Fortunately, we have lots of food to choose from here. Sometimes we plan the week’s meals in advance; others we decide as we close up the packing shed for the evening. We almost exclusively consume seconds—produce with some blemish that doesn’t meet our sales standards—so the seconds that are available effectively decide for us our evening meal. It feels like date night when one of us grabs a primo product that could have been sold.
The dead of winter, in food-farmer speak, is the Persephone months, aptly named by Eliot Coleman in his must-have book The Winter Harvest Handbook. (If you have a small place in your yard that gets sun in winter, get this book from a local bookseller and grow your own greens.) The name relates to the Greek goddess Persephone, daughter of Demeter, the goddess of agriculture. Apparently, Hades abducted Persephone into the underworld to be his wife, and Demeter threatened to shut down growth on the earth. Zeus—Persephone’s father, god of the sky—brokered a deal where Hades only spends a short time with Persephone each winter, so Demeter shuts us down just for a little while.
Coleman’s Persephone months are the period when we receive fewer than 10 hours of daylight per day, the implication being plants do not grow with so little solar energy coming in. Now, I’m not all up on Greek mythology, but this term is very much in the lexicon of food farmers in this country.
These Persephone months play out in what we like to eat this time of year: the tastiest, most nutritious greens on the planet. In the autumn months leading us into the Persephone zone, leafy green leaves were still actively photosynthesizing solar energy into sugars and flavonoids and enzymes (and stuff) but not actively growing by adding structural cell walls. This means the cells that already existed are tender and chock-full of flavor. The Holy Grail of Kale. The plant concentrates its sugars as a cold-tolerance protection mechanism—antifreeze, as it were.
I just stem it and steam it, simple as that. It takes minutes to prepare kale. When you massage the red, black or green kale leaves grown in the Persephone months, you can smell the flavor and see the juiciness in the leaves.
Spinach salads reign supreme in the dead of winter, since the lettuces don’t tolerate temps in the low teens. We do try hard to keep lettuce going all year with frost blankets inside the protective high tunnels, and as of this writing, we think we have some lettuce heads that are going to make it. Spinach is hardier, though.

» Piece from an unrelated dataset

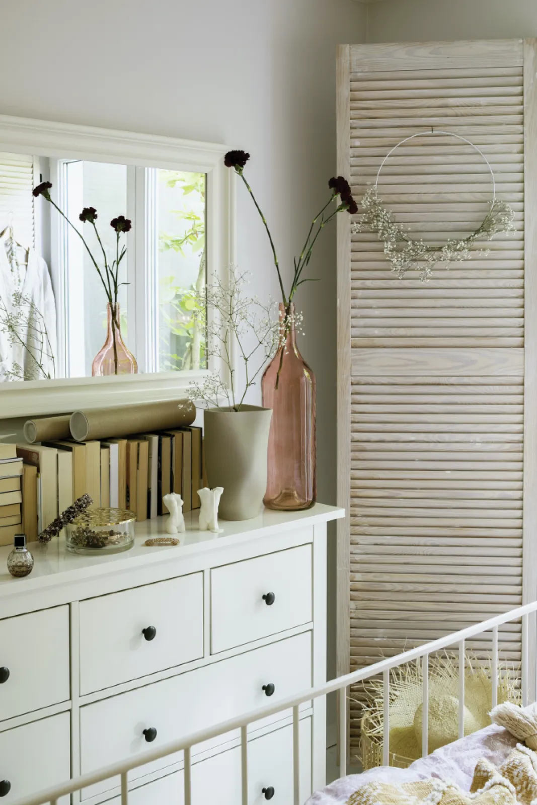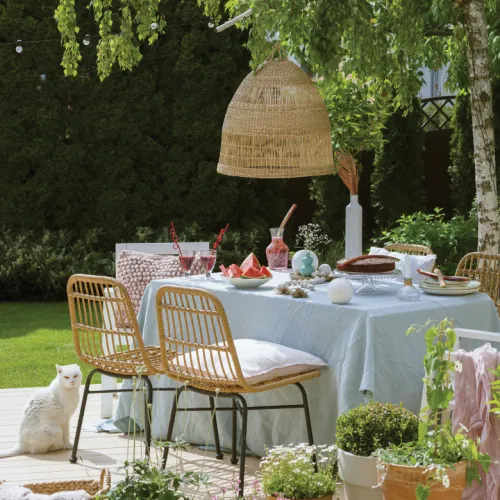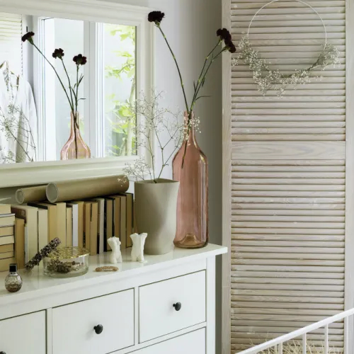 – Od tego czasu większych zmian nie było, bo świetnie nam się tutaj mieszka – mówi właścicielka. – Tylko wraz z porami roku zmieniam kolory dodatków. Latem jest najbardziej barwnie, królują róże, a ostatnio pastelowy niebieski, jesienią rudości, zimą chłodne barwy. Lubię, kiedy wnętrze dopasowuje się do natury, do tego, co za oknem, bo wtedy mam poczucie harmonii i spokoju, który udziela się nam i każdemu, kto nas odwiedza. Z takiego domu nie chce się nigdzie wychodzić.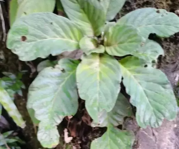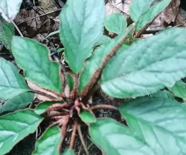 多年生草本。叶全部基生,具柄;叶片长圆状椭圆形,长2-8.5厘米,宽1-5厘米,顶端微尖或钝,基部圆形或稍心形,或近楔形,边缘具钝齿至近全缘,上面被贴伏短柔毛,下面被淡褐色绢状绵毛至近无毛,侧脉每边7-9条,在下面隆起,密被褐色绢状绵毛;叶柄长2-4厘米,密被褐色绢状绵毛。

Our other veggie go-tos are the single-serving-sized sweet potatoes as well as the fingerling sweet potatoes. A little olive oil coating to catch a rub of salt and garlic powder and a few minutes on the grill alongside a burger—it can’t be beat.
That brings me to winter proteins. Our old farmhouse kitchen is on the east side of the house, affording us a mostly wind-protected deck just outside it. Usually, out here on the banks of the Elkhorn Creek, winds come out of the southwest. (You will notice that three-sided equipment sheds and horse run-in sheds open to the east.) With the house blocking the winds on the deck, we grill year-round.
I can turn a frozen pound of USDA Choice, dry-aged, certified organic, grass-fed, Angus-Wagyu beef into a juicy burger in a little bit of no time. Thawing meats in cold water is a safe and US Department of Agriculture-recommended method to quick-thaw meats. For burgers, the meat thaws while I feed the dogs, get settled in and start the grill. Then it cooks while I prep veggies. We have a rotation of burgers and chicken, and I enjoy eating leftovers from one or the other for several days in a row.
When we’re not up for grilling, we’ll put a nice chuck roast in the slow cooker with some root veggies, and we are set on dinners for the week. Chili easily becomes taco salad fixins and even huevos rancheros.
Look for meats that have been raised consistent with other value propositions in your life. As a reader of the Good Foods Blog, animal welfare is probably important to you. The release of highly toxic synthetic chemicals on the land to grow genetically-engineered seeds probably seems repugnant to you. Forcing all manner of growth promotants and antibiotics into and onto livestock probably seems wholly unnecessary to you. I agree with you. We raise all our animals organically and on pasture for a reason, knowing what we know.
We don’t milk cows at our farm, so I rely on the Co-op for our organic dairy needs, as well as Marco’s coffee, condiments and those dang Justin’s dark chocolate peanut butter cups.
We have only had two meals away from home since March, living off the land, as it were, for nearly a year. Support your local farms and you can live off the land where you live. The Co-op provides you access to local and seasonal foods, responsibly-raised meats and all the other stuff we all like to eat. What you eat matters to you, the community and the planet.
This winter, find your go-to dinners, keep it simple, let the food speak for itself and make plenty for leftovers.